94,13 Explica la dilación del juicio divino: al honrado, el tiempo le prepara el descanso, para el malvado el tiempo se emplea en cavarle la fosa.
94,14 Eco del v. 5
94,15 Texto difícil. a) Contando con personificaciones se reconstruye imaginativamente una escena: Derecho, seguido de todos los rectos, va en busca de Justicia, desterrada o secuestrada, para hacerla retornar. b) Corrigiendo la vocalización: su derecho retorna al honrado.
94,16 Solo frente a muchos, ante el tribunal, el inocente busca apoyo. A las preguntas responden los versos siguientes, saltándose una etapa.
94,17 -18 Se remontan a un tiempo anterior a la pregunta; o bien, en virtud de la certeza que da la esperanza, anticipan mentalmente un hecho futuro, El "Silencio" es en hebreo Duma: cfr. Is 21,11; Sal 115,17; sería huésped de Silencio, sin poder dar gritos a Dios ni echar discursos a los necios.

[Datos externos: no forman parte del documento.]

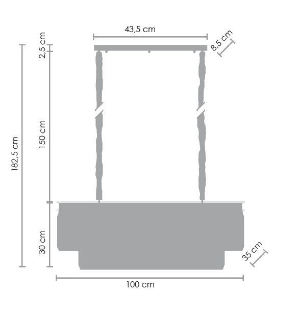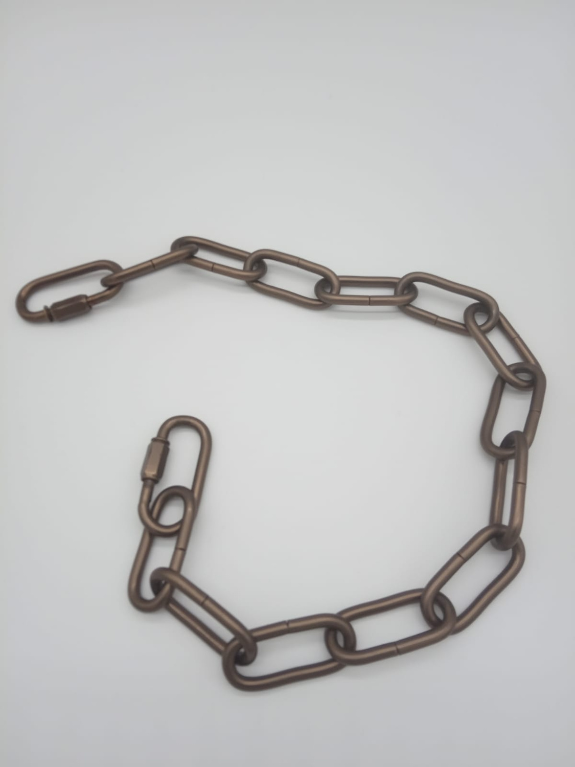 Całość zawieszona jest na stalowym łańcuchu w tekstylnym oplocie z możliwością regulacji i owalnej podsufitce w kolorze oprawy oświetleniowej.

94,19 De la tragedia evitada y recordada con un escalofrío salta a un recuerdo íntimo y gozoso: el "consuelo" divino que lo deleita con ternura y anula sus "preocupaciones".
94,20 Son llamativas dos fórmulas intensas y felices. "Tribunal de crímenes / criminal" , opuesto al "Dios justiciero". Y su tarea: elaboran (artesanamente) desgracias (indebidas) sobre (usando, manipulando) la ley: véanse Is 10,10; Jr 8,8.
94,21 "Atentan": con una leve corrección; el hebreo dice "se conchaban".
94,22-23 Por encima del juicio humano inicuo se levanta el juicio justo de Dios, que tiene la última palabra.
Trasposición cristiana.
Oponiendo la ciencia humana al saber de Dios, Pablo cita la versión griega del v. 11. Para el v. 19 encontramos un buen comentario en 2 Cor 1,3-6; 7,6s.